Когда тушу окурок, на пороге возникает моя незнакомка, завернутая в полотенце.
— Может, и перекусим по бутерброду.
— Сейчас, — говорю, — сделаю.
— А я пойду оденусь.
— Хорошая идея.
Из хлеба, колбасы и сыра сооружаю пару бутербродов.
— Сколько тебе сахару? — кричу в сторону комнаты.
— Как себе! — доносится оттуда.
Я засыпаю в чашку три ложечки сахара.
Она возвращается уже одетой. Я откровенно рассматриваю ее, любуюсь: поразительно похожа на американскую кинозвезду прошлого века Одри Хепберн.
Она усаживается за стол, берет бутерброд, пьет чай и… молчит. Упорно молчит. Словно не понимает, что я жду каких-то объяснений. Приходится начать самому:
— Вы кто? — спрашиваю любезно.
— Соня.
Имя она произнесла так, словно оно все объясняло. Во всяком случае, я надеюсь, что это имя.
— А я Леня.
— Знаю. Я смотрела твой паспорт. Тридцать три года, женат. Трое детей.
— На самом деле я в разводе. А детей, возможно, больше. Или меньше. В этом вопросе мужчина никогда не может быть точно уверенным.
— Ты почему не ешь?
— Нет аппетита.
— Тогда я съем еще один.
— На здоровье.
И опять она молчит. Делает вид, что все в порядке. Что нет никакого недоразумения.
Позже, когда я узнал ее получше, выяснилось что она ко всему происходящему в мире — что бы ни случилось — относится как к должному.
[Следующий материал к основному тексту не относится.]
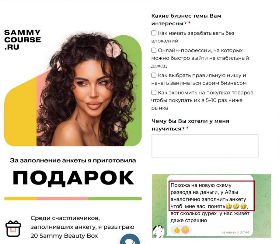Это подтверждает и название сайта, на котором размещен опрос – SammyCourse (СаммиКурс – пер. с англ.). Кроме того, после анкеты подписчиков «отправляют» в новый Telegram-канал, в котором девушка обещает «освещать свое видение ондайн-рынка», а также делиться своим опытом построения бизнеса.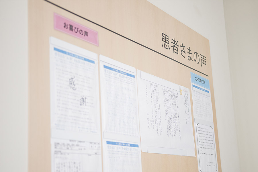 ご意見やご要望を直接理事長まで届ける、理事長直通便ボックスを設置。いただいたお声は患者さま満足室・患者さま満足委員会・各部署で共有し、より良い病院づくりに取り組んでいます。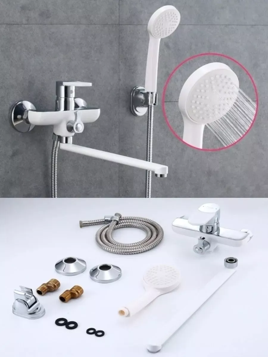 СохранитьСмеситель на ванну Potato P22223-7 с длинным изливом, картридж 35 мм, белый интересное: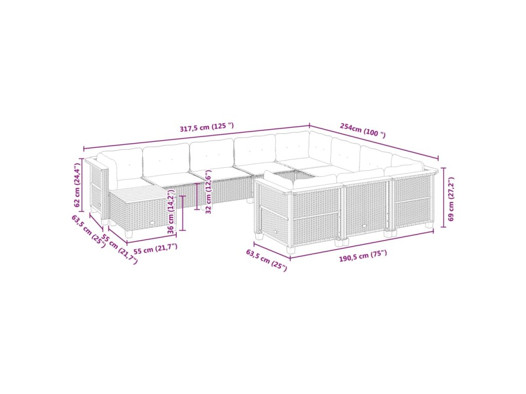 11dílná zahradní sedací souprava s poduškami černá polyratan 3262055

Она ничему никогда не удивляется. И не понимает людей, которых что-то способно удивить.
— Послушайте, Соня, вам не кажется, что меня необходимо слегка просветить?
— По поводу?
— По поводу того, что я застал вас в душе. Она пожимает плечами:
— Ты сегодня слишком рано вернулся.
Жду, но она не собирается ничего добавлять.
— Понятно, — говорю.
— Я уже опаздываю, — сообщает она.
— Правда?
— У меня в одиннадцать тридцать встреча с Чичиковым. — Вот как… Гм…
— М-гу.
Соня хватает последний бутерброд и спустя мгновение испаряется.
Напоследок я слышу из прихожей:
— До завтра!
Затем щелчок замка и звук захлопнувшейся двери.
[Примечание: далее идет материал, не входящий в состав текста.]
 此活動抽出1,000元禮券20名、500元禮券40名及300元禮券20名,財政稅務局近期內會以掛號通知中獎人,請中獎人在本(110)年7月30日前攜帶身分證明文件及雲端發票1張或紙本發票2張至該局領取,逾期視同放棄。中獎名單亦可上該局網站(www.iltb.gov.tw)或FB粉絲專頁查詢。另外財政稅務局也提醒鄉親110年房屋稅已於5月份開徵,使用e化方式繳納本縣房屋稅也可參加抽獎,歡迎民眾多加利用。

До вечера во мне крепнет подозрение, что кто-то из нас двоих — сумасшедший.
Есть еще предположение, что она какая-нибудь родственница Михаила Николаевича, о которой он не посчитал нужным упомянуть.
Ладно. Разберемся.
Итак, я вновь безработный. Не скажу, что меня это сильно беспокоит, но относиться безразлично, вернее сказать с полным пофигизмом, присущим мне в молодые годы, я уже никогда не смогу.
В тридцать три хотелось бы хоть какой-то стабильности и уверенности в завтрашнем дне.
Деньги пока есть. Но их мало. Недели на две. А ведь еще надо и детям хоть изредка чего-нибудь отсылать.
В общем, как ни крути, безработица это хорошо, но она мне сейчас не по карману.
К вечеру оживает мобильник. Вначале звонит Лирчук:
— Ленька, заедь завтра к одиннадцати за расчетом.
— Много там?
— Да нет, сотни две. Но у меня будет к тебе одно деловое предложение.
— Интересно. Выкладывай.
— Нет-нет-нет… Подробности при встрече.
— Лады.
Потом звонит Алексей Владимирович и тоже просит при первой возможности заглянуть к нему в редакцию.
— Непременно, — обещаю я.
— Когда вы сможете? — интересуется он.
— Часов в двенадцать, — говорю. — Нормально?
— Вполне, — уверяет он, — вполне. Буду ждать.
Экран моего мобильного не успевает потухнуть, как он опять начинает вибрировать и звонить мелодией из фильма «Криминальное чтиво».
На этот раз звонит Танилюк, по прозвищу Седой.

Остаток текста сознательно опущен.